» Try it
In the entries below, find the line with "内敛柔和的水墨山水在这样精致" and the line with "К вашим услугам: двуспальная"; copy them and every line between them exactly, but not the pictures.

(Beginning of Exercise materials)

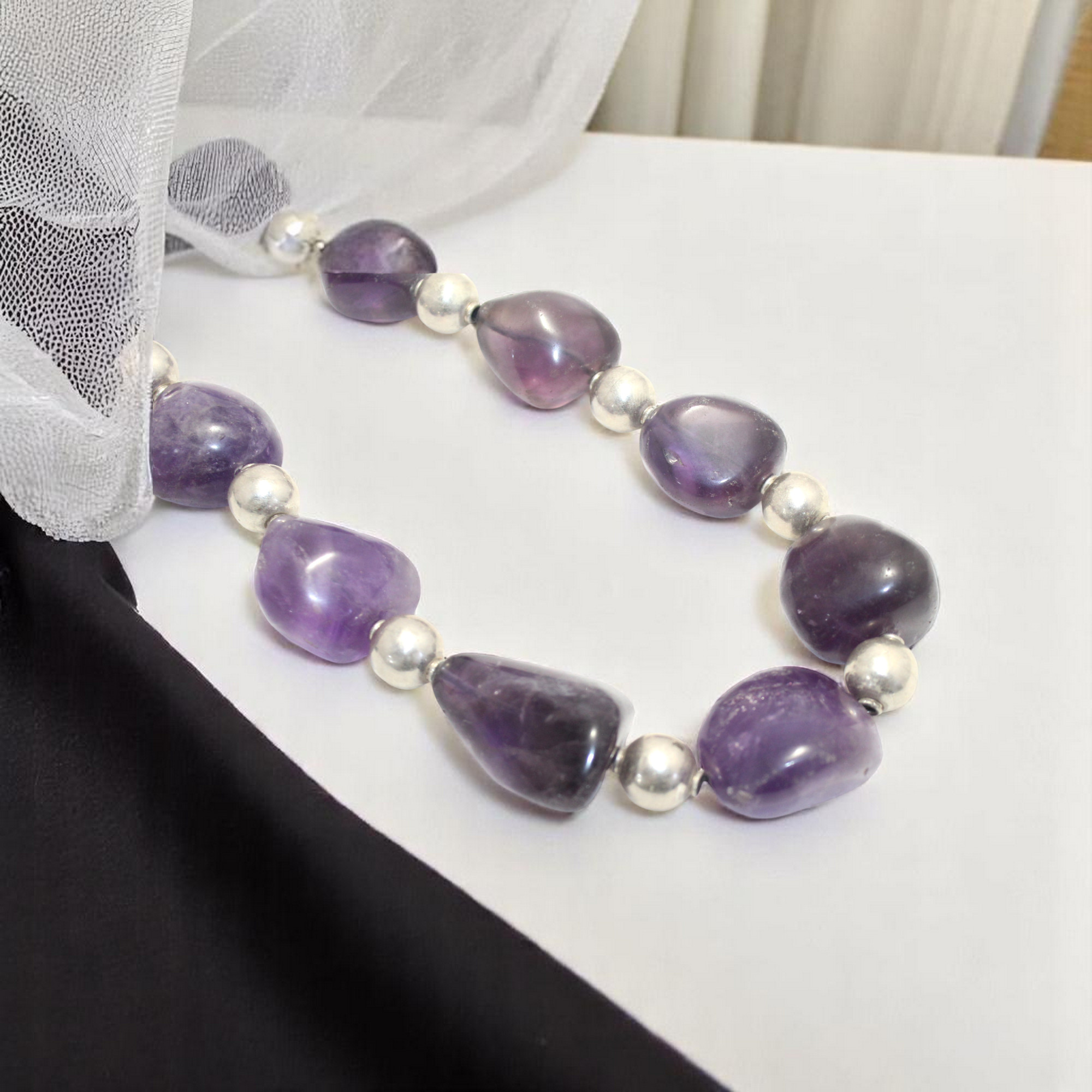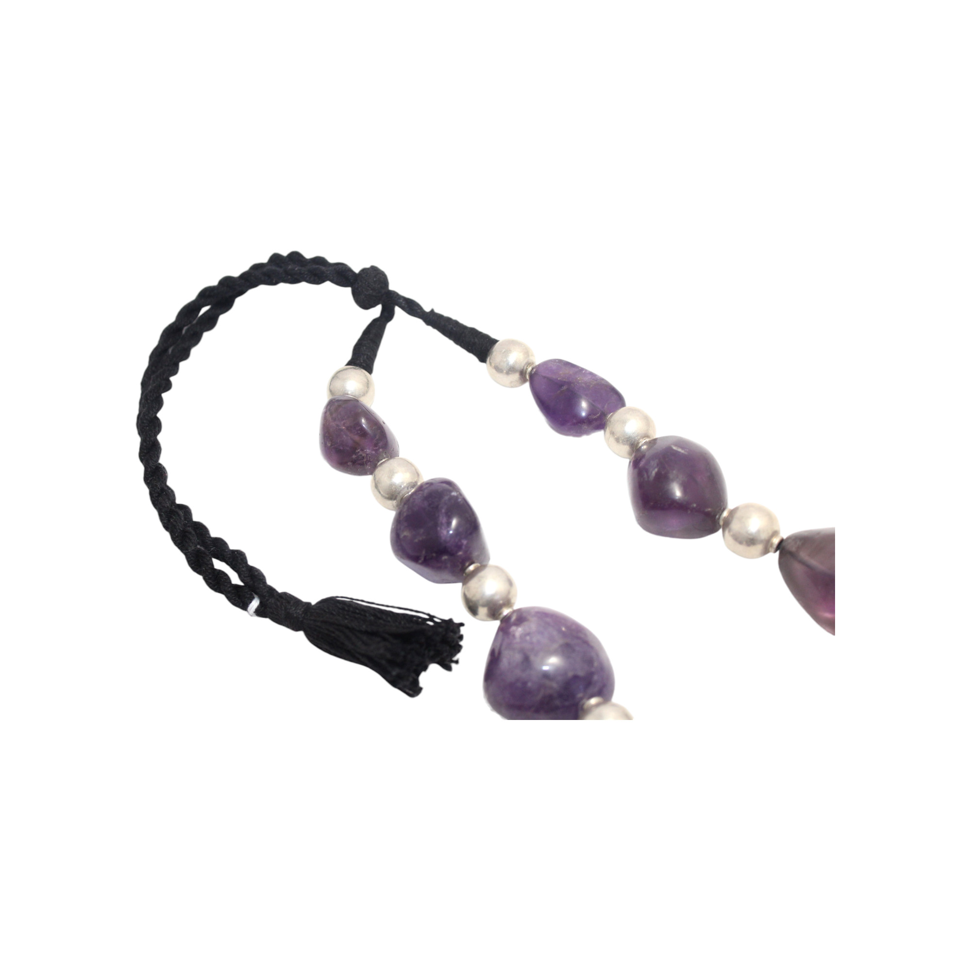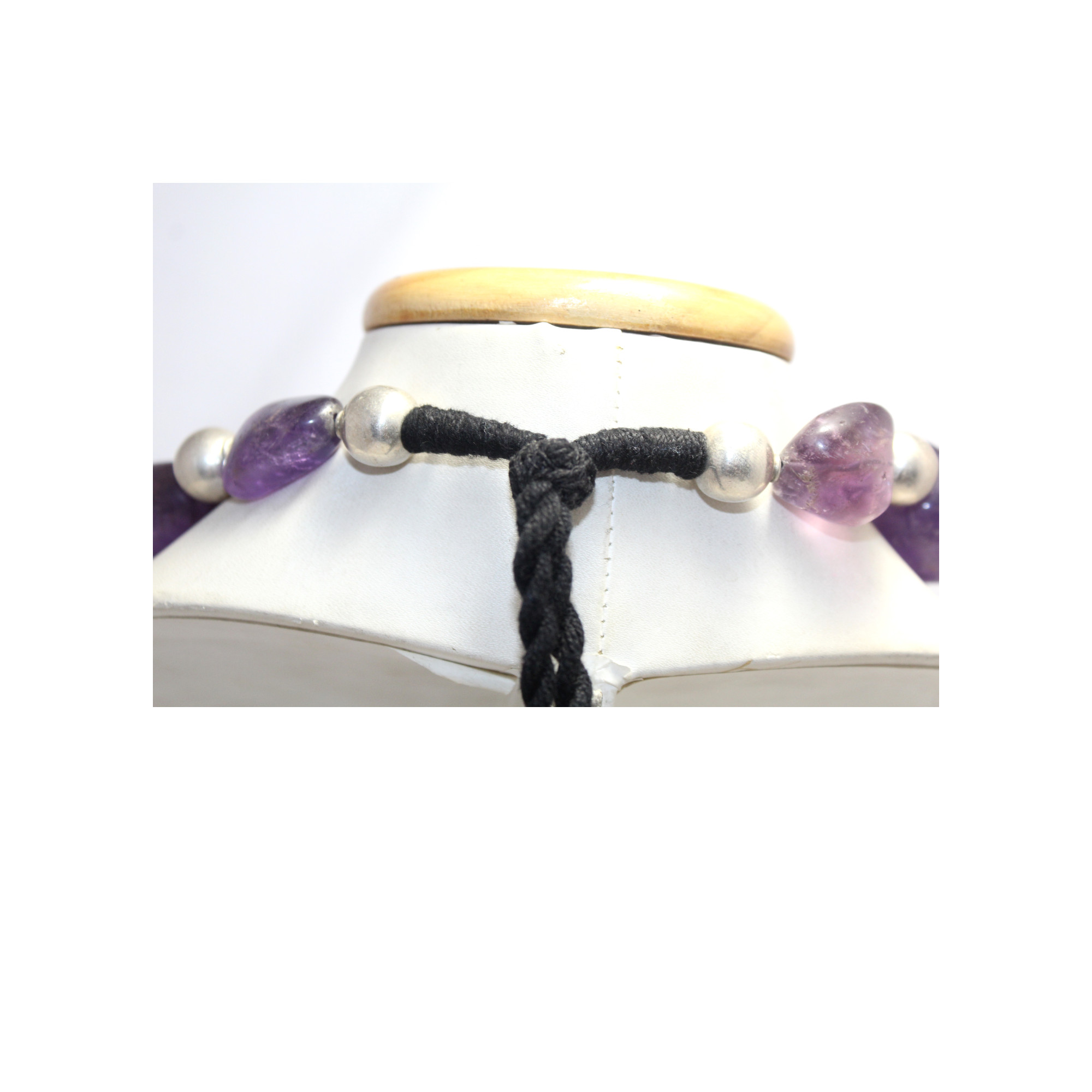 Rajasthan Gems Necklace 925 Sterling Silver Solid Beads Strand String Single Line Natural Amethyst Gem Stone Tumble Bead Women Gift Adjustable Black Thread F572
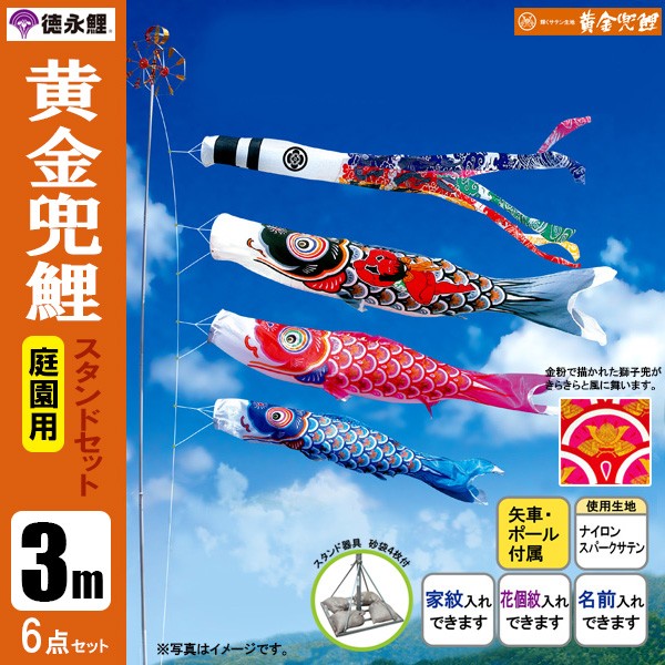 | 黄金兜鯉 庭園用大型鯉のぼり スタンド砂袋式ポール付セット | 1.5m鯉3匹 | 2m鯉3匹 | 3m鯉3匹 3m鯉4匹 3m鯉5匹 | 4m鯉3匹 4m鯉4匹 4m鯉5匹 |
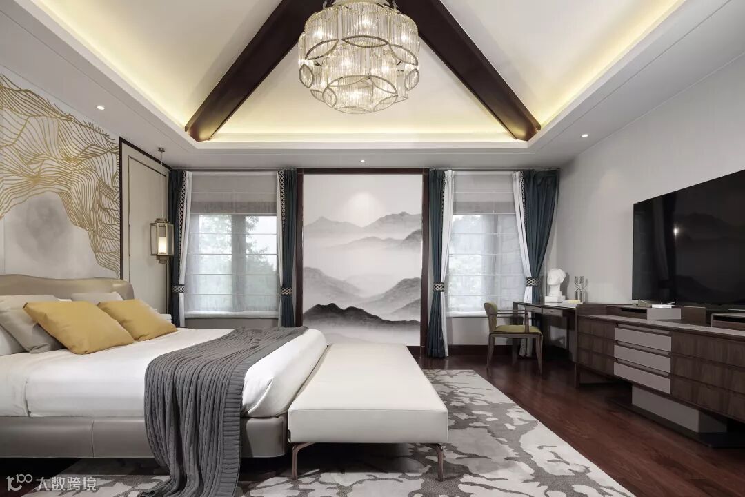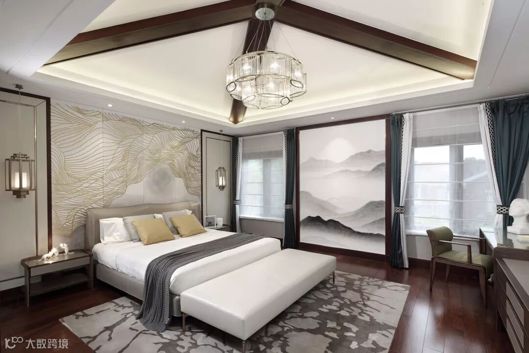 内敛柔和的水墨山水在这样精致下也不逊色,渲染在墙面上复古韵味的禅意展现的淋漓尽致。温润宜人的现代东方设计晕染贵气风雅,富中见贵,贵中见雅,雅中见灵。
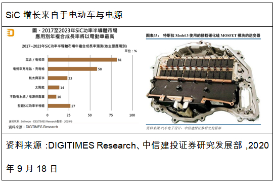 SiC器件相比前两代器件能降低电能转换过程中的能量损耗、更易实现小型化、更耐高温高压、有更高的开关频率。2018年市场规模5亿美金,预计2024年达到20亿美金,增长主要来自于新能源车逆变器与充电桩等电源领域,与IGBT构成竞争+互补关系。
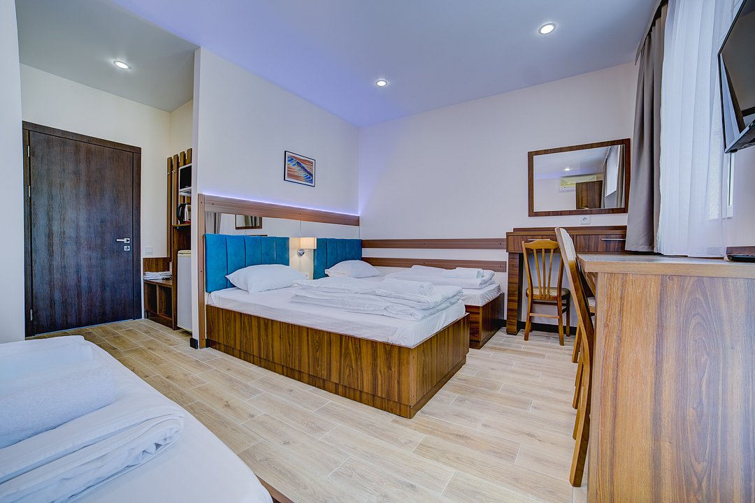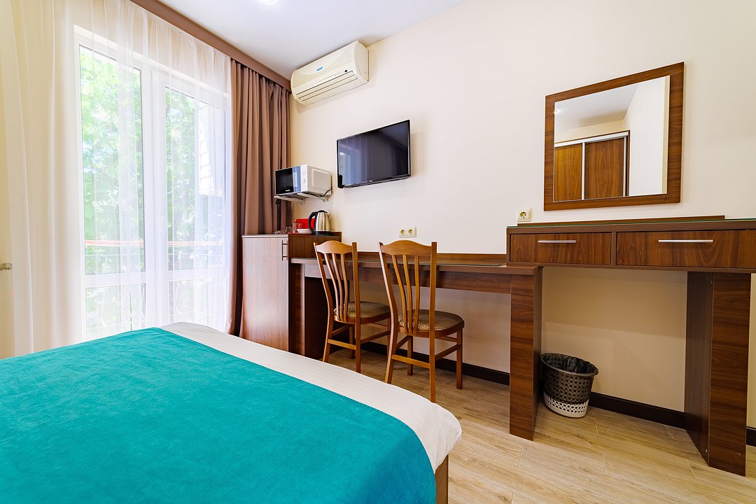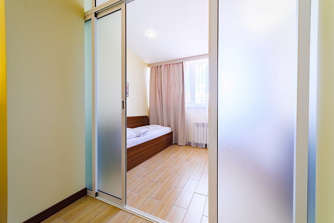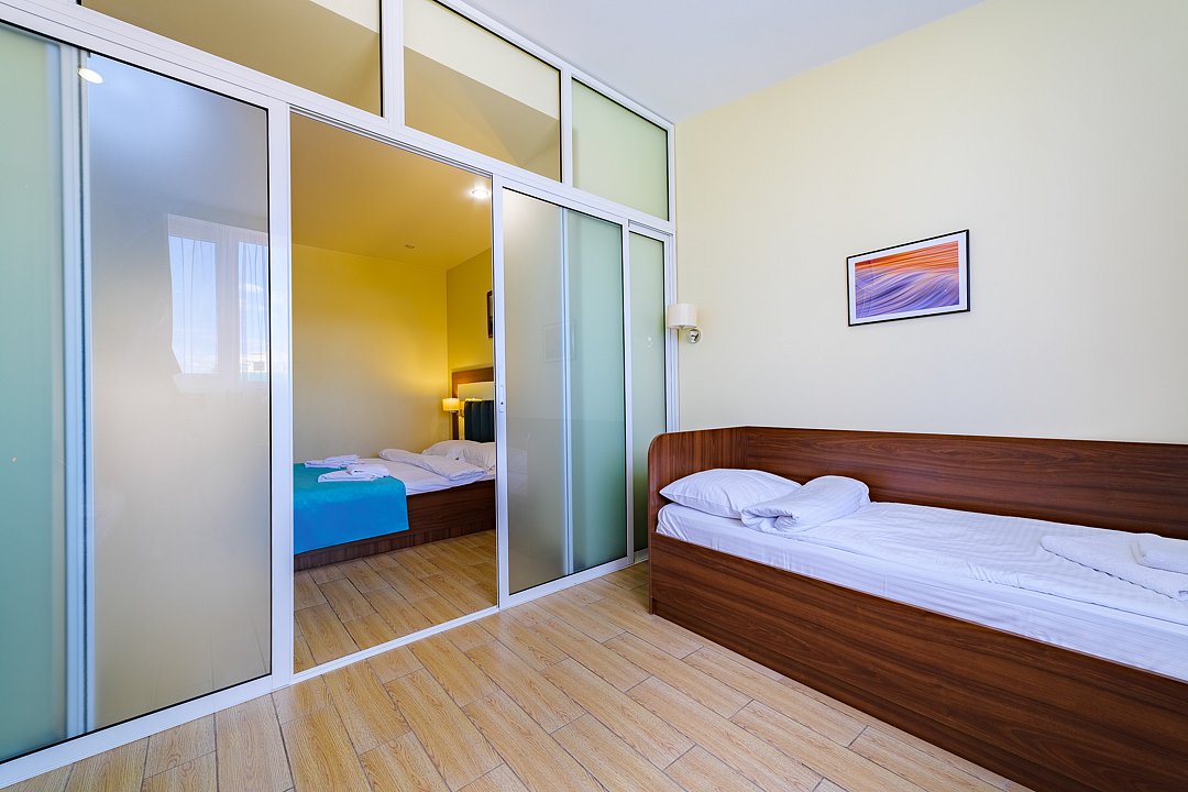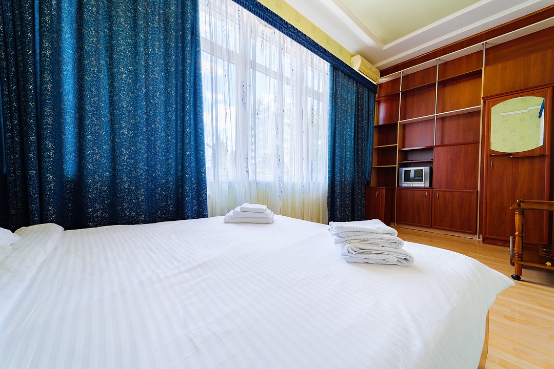 К вашим услугам: двуспальная кровать, односпальная кровать с ортопедическими матрасами, кондиционер, телевизор, холодильник, микроволновая печь, чайник, набор посуды, сейф, тапочки. С/у с душевой кабинкой, фен, гигиенические наборы, мыло, гель, шампунь.
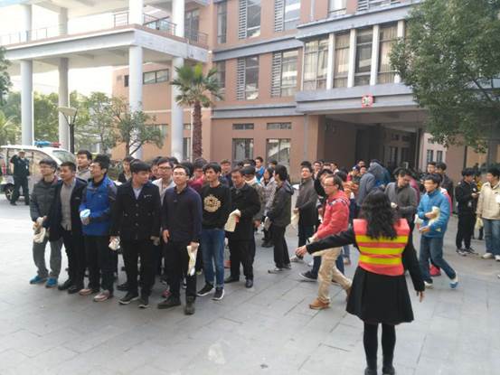 为进一步强化消防安全教育,提高师生火场应急逃生和自我防范能力,12月9日上午,学院在实训楼4号楼举行消防疏散逃生演练。本次演练目的即“珍爱生命、远离火灾”。学校保卫处相关人员现场指导同学们如何逃生疏散、应急救援等,学院实验室教师参与了演练的引导疏散指挥工作。整个演练活动组织严谨,紧张有序。参加演练的同学严肃认真,服从指挥,不抢先、不推搡、不拥挤,没有发生推、拉、拥、 挤等现象。集合完毕后各班班长迅速清点人数并向现场总指挥汇报。从下达命令演练开始到最后一名同学疏散、 到安全集中点,仅用了 2分 50秒。
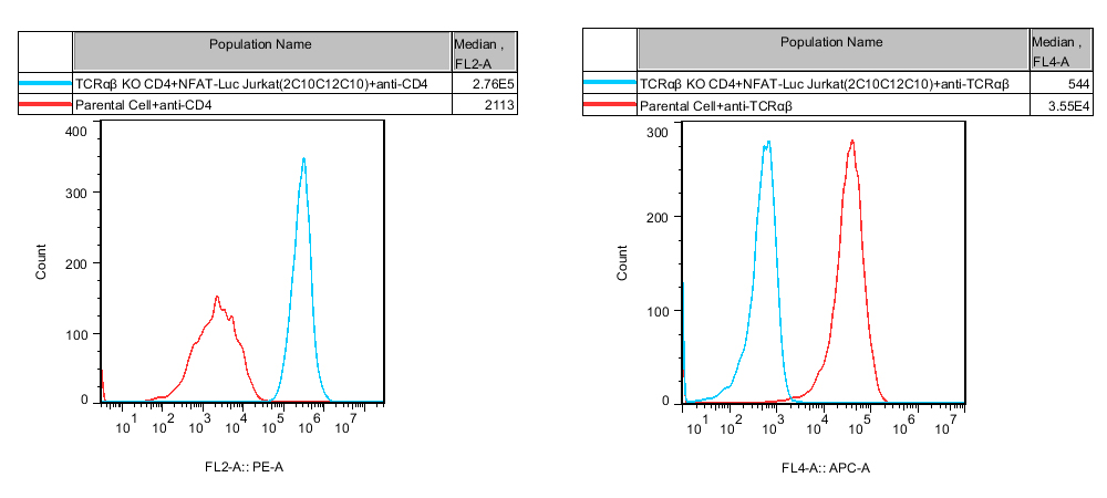 | TCRαβ KO CD4+ NFAT-Luc Jurkat 細(xì)胞,在 NFAT-Luc Jurkat 細(xì)胞上敲除 TCRαβ,表達(dá)CD4。 | |
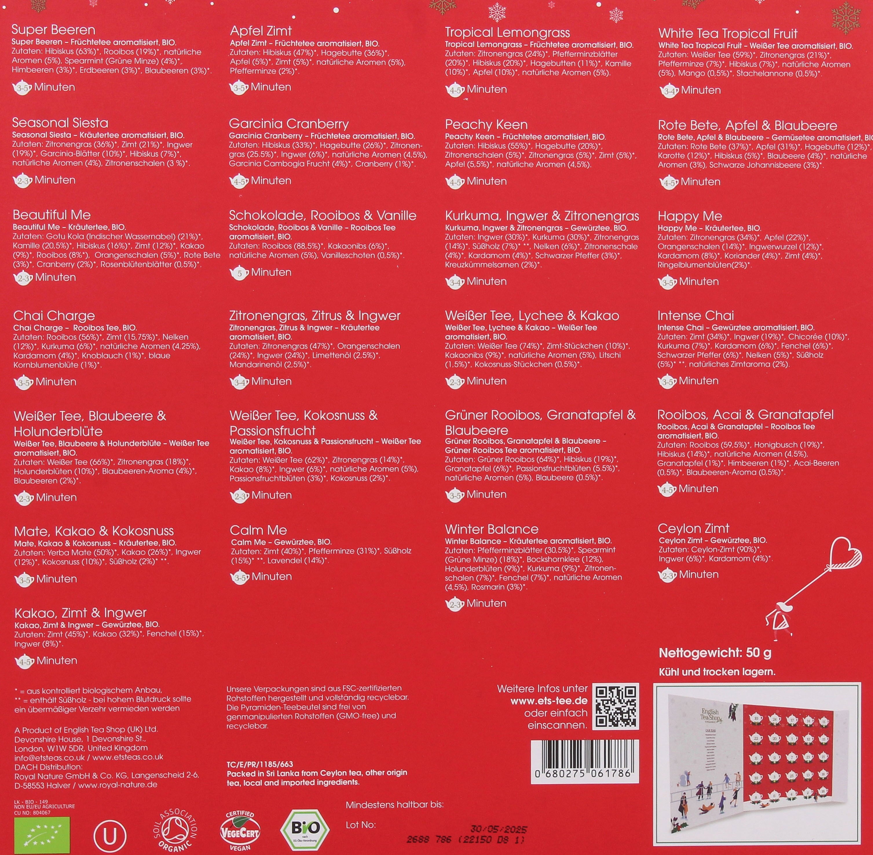 Una selección de 24 tés e infusiones más una sorpresa especial contenida en un calendario de Adviento único, que hará que la época prenavideña sea inolvidable. Detrás de cada puertecita hay una fina mezcla de té o infusión de hierbas biológicas de calidad, envasada en una bolsita con forma de pirámide.
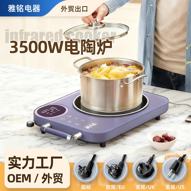 家庭用電気セラミックコンロ、3500Wのハイパワーで炒め物が得意、鍋を選ばない電磁調理器、多機能お茶煮コンロ、防水仕様。
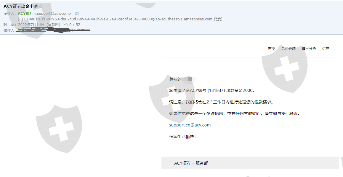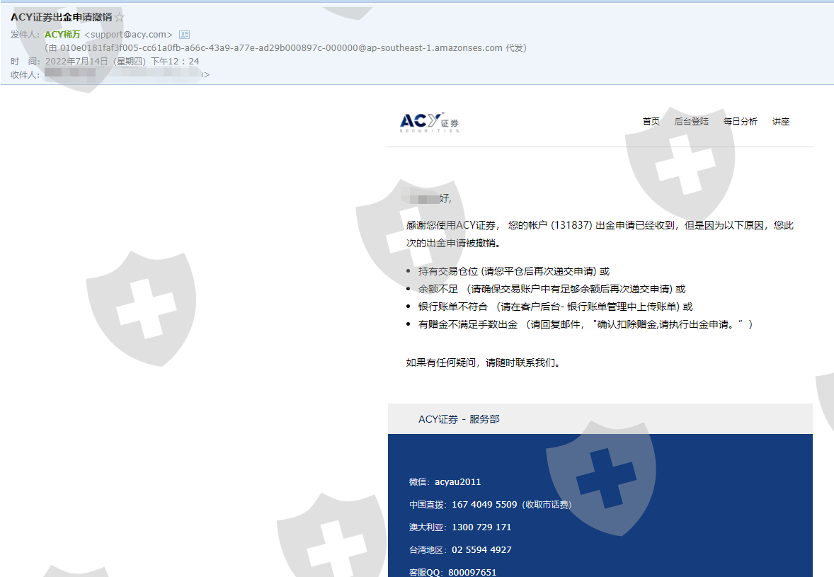 于7月14日早晨从IB账户2084美金转入个人交易账户,期间账户仍可正常交易,之后递交申请出金2000美金,平仓交易账户,以免影响出金,之后邮箱收到三封邮件。第一封出金申请邮件第二封出金撤销邮件第三封交易审核通知之后联系该官方工作人员,均无回复。

(End of Exercise materials)

» Response to the task
 内敛柔和的水墨山水在这样精致下也不逊色,渲染在墙面上复古韵味的禅意展现的淋漓尽致。温润宜人的现代东方设计晕染贵气风雅,富中见贵,贵中见雅,雅中见灵。
 SiC器件相比前两代器件能降低电能转换过程中的能量损耗、更易实现小型化、更耐高温高压、有更高的开关频率。2018年市场规模5亿美金,预计2024年达到20亿美金,增长主要来自于新能源车逆变器与充电桩等电源领域,与IGBT构成竞争+互补关系。
 К вашим услугам: двуспальная кровать, односпальная кровать с ортопедическими матрасами, кондиционер, телевизор, холодильник, микроволновая печь, чайник, набор посуды, сейф, тапочки. С/у с душевой кабинкой, фен, гигиенические наборы, мыло, гель, шампунь.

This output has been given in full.